The Czech Republic has imposed an arms embargo on Turkey, following other EU member states
Turkey’s aggression in Syria, which was filling the pages of the printed and internet media last week, has not remained without a response even in the Czech Republic. It follows the majority of EU member states. Therefore, it imposed an embargo on the export of equipment of military nature. The foreign ministers of the EU member states made this commitment and left the concrete steps to the discretion of individual states. According to the head of the EU diplomacy, Federica Mogherini, the commitment will have a similar effect to the announcement of an arms embargo.
Turkey launched an offensive against the Kurds in the northeast Syria last Wednesday, to which some states, including Germany, Finland and France, responded by stopping their arms supplies. At the successive Union-wide meeting in Luxembourg, everybody agreed that the countries would coordinate their own steps to restrict exports. The adoption of the measures is binding for all 28 EU member states.
“The Czech Republic has suspended the export licences on the military equipment to Turkey,” said the Deputy Prime Minister and Interior Minister, Jan Hamáček.

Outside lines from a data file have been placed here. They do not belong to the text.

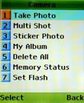 5. Camera : กล้องดิจิตอล 300,000 พิกเซล (VGA Camera) กำหนดขนาดได้ 3 แบบ ( 640*480 , 320*240 และ 160*120 พิกเซล) ซูมภาพดิจิตอล 4 เท่า (4x digital zoom) กำหนดเสียงชัตเตอร์ 3 เสียง ฟังก์ชันการถ่ายภาพต่อเนื่อง (multi-shot) กรอบสติ๊กเกอร์ 9 แบบ นอกจากนั้นหากสภาวะแสงไม่เพียงพอก็จะมีแฟลชช่วยสำหรับถ่ายภาพในที่มืด สามารถเก็บภาพได้สูงสุด 40-50 ใบ (800 KB)
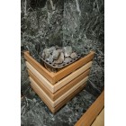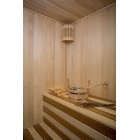 Для обшивки стен сауны выбран абаш, красота которого особенно ярко проявляется при сочетании двух видов древесины: термообработанной, имеющей более темный насыщенный свет, и обычной. Два вида абаша использованы для изготовления банных полков и ограждения печи.
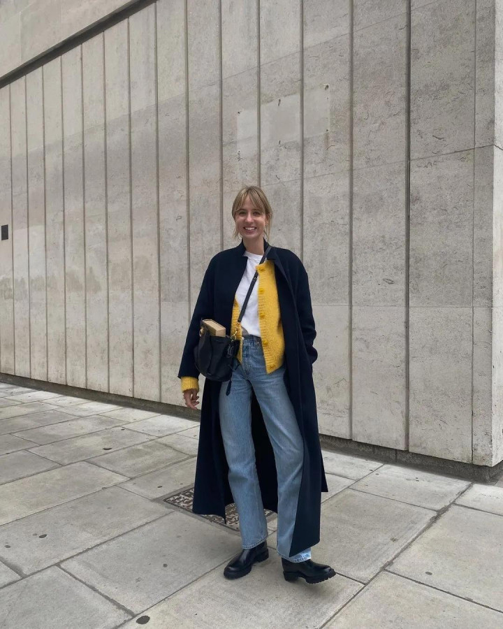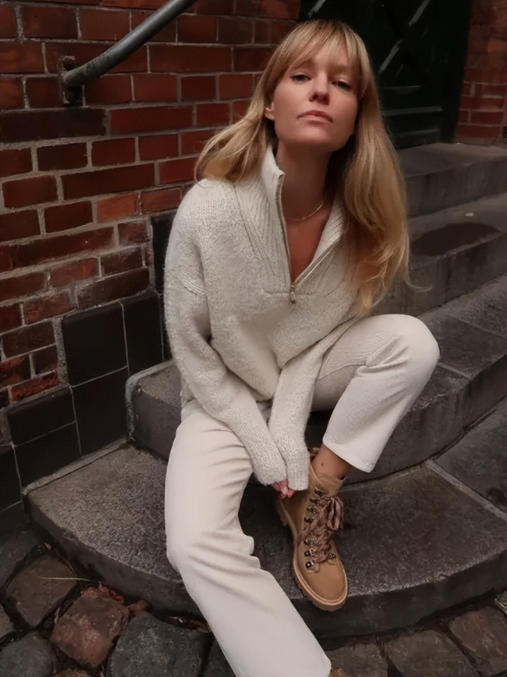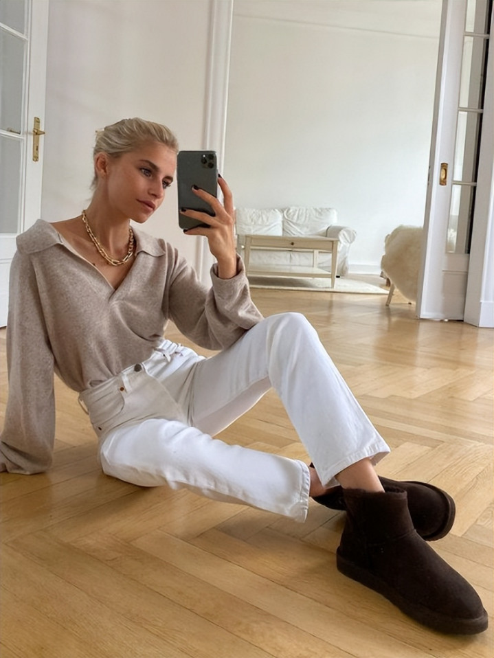 搭配?越浅易越好。一条黑裤子,一对短靴,大毛衣自有其主角光环,无须喧宾夺主。

It was an immediate rapid reaction after the negotiations of other member states. Hamáček coordinated steps with the Prime Minister Andrej Babiš and the Minister for Industry and Trade Karel Havlíček. In practice, this means that all the military goods or, more precisely, the goods with the necessary export licence, cannot be delivered to Turkey. About 280 companies hold the licences in the Czech Republic. Other ongoing licences will be immediately terminated. Given the scale of events in Syria, aggression, murders of the civilian population and escalation of violence, including the escape of dangerous Islamists (members of the Islamic State and their families), it can be assumed that this will be a long-term measure.
“Our export to Turkey in the area of defence industry is not overwhelming. It is about 130 to 140 million Czech korunas, which is the volume that domestic companies supply to Turkey on average,” added the Minister Havlíček. Although this is not a billion-dollar business, these decisions might still affect the companies from the Czech defence industry sector. Escalation of tension can also be expected on the basis of the US imposing severe sanctions on the Turkish political elite, including the Ministry of Defence. These are unpopular steps indeed. However, only they can calm things down and de-escalate the tension.